To create a simple analogy, if I would wish or hope that every person on this planet would be able to be with the love of their life, it wouldn't lead me to a conclusion that, for people who are unable to achieve this, we should use the hand of government to subdue the objects of their affection and force them into such a role. Or, to make an even more clear analogy, if I felt that every single person should have a TV in their home, I wouldn't support the government starting a program in which they would, in the dark of night, break into homes with more than one TV to furnish the homes with none. So what does this say about me?
Well, it certainly doesn't say that I don't want more people to have TVs. On the other hand, it certainly doesn't say that I think we should engage in theft to lend people a hand. But it also certainly doesn't say anything inconsistent either - which is precisely the mental trap the aforementioned article's author finds himself in. Why is it so hard for us, collectively, to imagine a third way?
I suppose it would be too easy to chalk it up to the politics of a two-party system, but it's certainly a little scary to see bimodal dispositions on socio-political matters; simply taking into consideration what the government should do or what it should stop people from doing.

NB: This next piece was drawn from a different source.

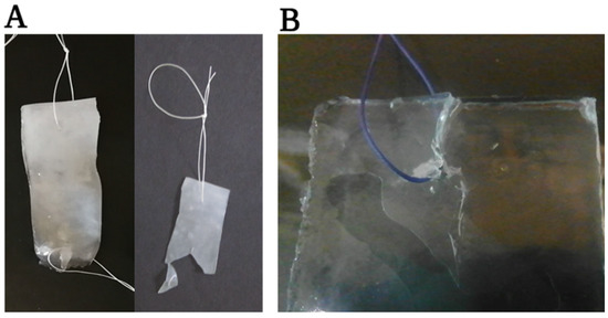 Suturability of poly(vinyl alcohol) electrospun membranes before and after uniaxial measurement (A) and bulk hydrogels (B).
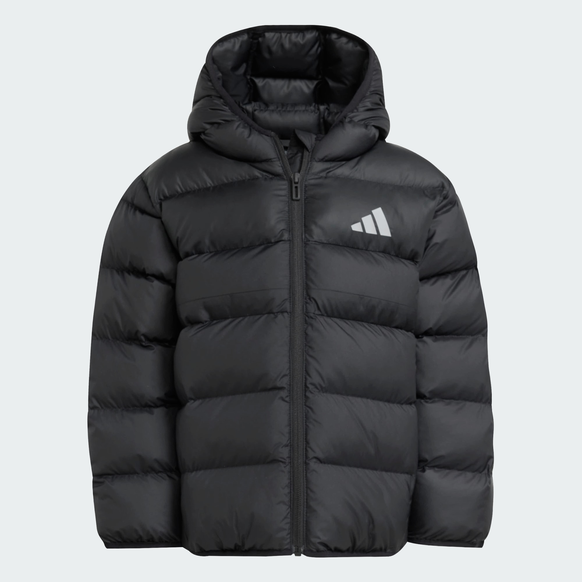This kids' down jacket from adidas is made for little adventurers. Featuring synthetic insulation for ultimate warmth, it's the perfect companion for winter walks and playtime at the park. Reflective details on the chest and back help keep them visible in all conditions. A name label inside lets them make this jacket their own. CLIMAWARM traps heat and releases sweat for a warm, dry and focused performance. Insulating materials trap warmth for optimal body temperature. Beat the elements with thermal insulation and water-repellency for optimal shell-layer protection.

It seems to be that if you believe X to be bad, then you must accordingly believe that government must remedy X. And if you believe Y to be good, then you must accordingly believe that government must provide Y. I'm left to wonder, "When did we stop considering the idea that some issues should be out of the scope of the one institution that we seem to be willing to grant a monopoly on violence to?"
In my view, a large part of what the United States was founded upon was a minimal federal government that existed only to the extent it had to - to protect us from each other. If I passed by a Salvation Army box without contributing, you wouldn't chase me down and beat me or put me in a cage. In fact, you'd probably save me from such an assailant. Yet a very large number of Americans support what is essentially the same type of coercion through the federal state apparatus via taxation and social programs. And even worse, apparently, many Americans would be likely to assume that I want the poor to suffer since I'm against such violence. Or maybe if I had contributed a few dollars they would wonder how I could be against such violence as I most obviously care about the poor.
I've felt for a very long time that the larger part of American politics is being played between the 40-yard-lines; and, in reading articles like this one, I don't think that's about to change any time soon.